PAM4 signal for higher rates, come to the RTX 3090 from NVIDIA


It seems that this morning Micron accidentally spilled the beans on the future of graphics memory technologies – and one of NVIDIA’s next-generation RTX video cards passed in the process. In a technical letter posted on its website, entitled “The Demand for Ultra-Bandwidth Solutions”, Micron detailed its portfolio of high-bandwidth memory technologies and the market needs for it. Included in this brief was information about the previously unannounced GDDR6X memory technology, as well as some information about what appears to be the first card it has, NVFIA’s GeForce RTX 3090.
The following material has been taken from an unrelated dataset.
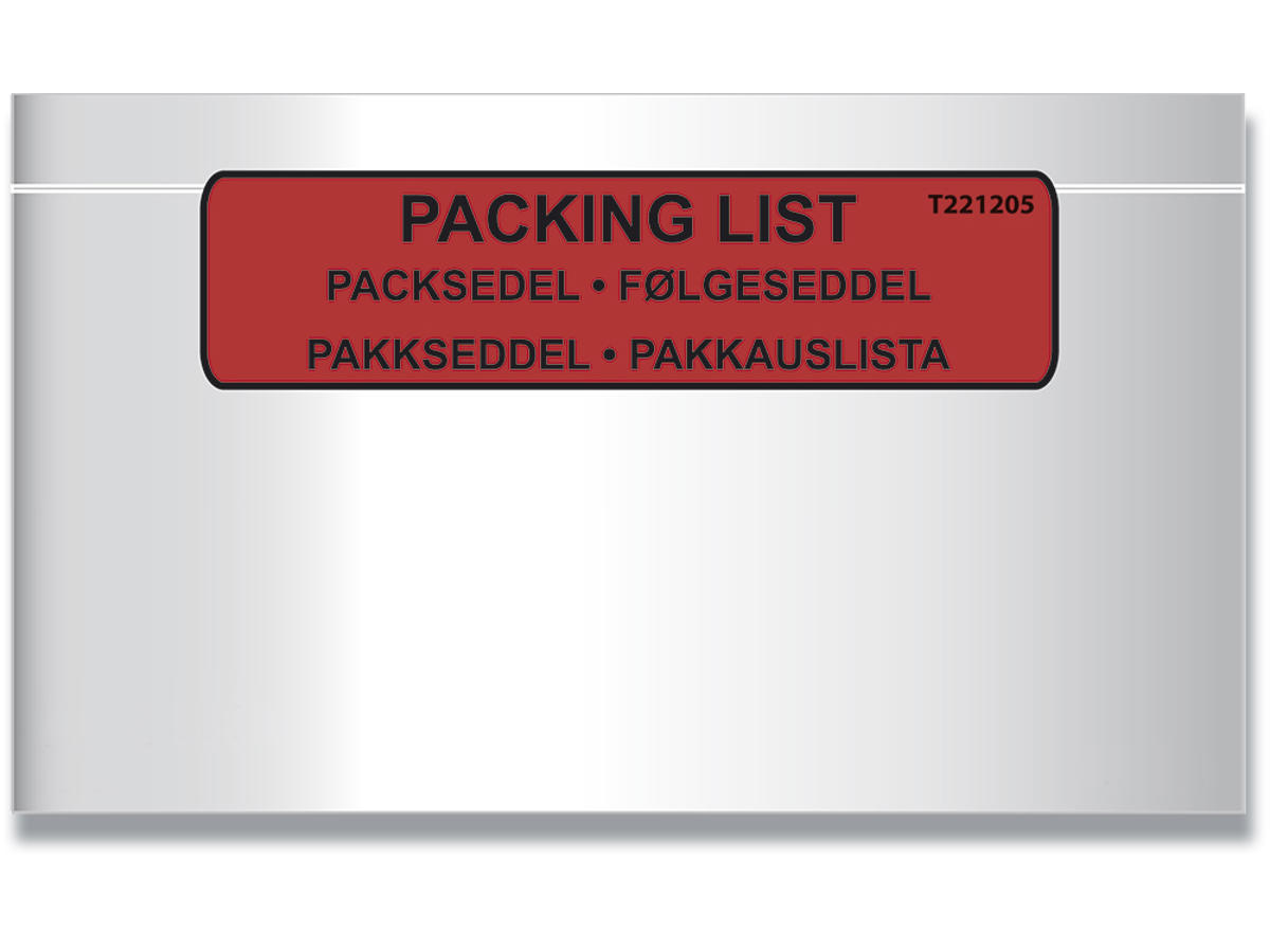 Selvklæbende plastlommer der klæbes på pakker og paller inden forsendelse effektiviserer forsendelsen. Når indholdet er emballeret, kan dokumentation og adresseoplysninger vedlægges samlet i plastlommen. • Til rutineudsendelser • Sikker og vandafvisende • En lomme til fakturaer, følgesedler og/eller adresseoplysninger • Vis indholdet eller vedlæg dokumentation og instruktioner

The document appears to have been posted a month (or more) early, given the mention of the NVIDIA card, which we do not expect to announce sooner than at the NVIDIA September event. Furthermore, the document links to other as yet unpublished Micron technical letters containing GDDR6X. Despite that, the document comes directly from Micron’s public web servers, so what we have today is an unexpected sneak peak at Micron’s upcoming GDDR memory plans.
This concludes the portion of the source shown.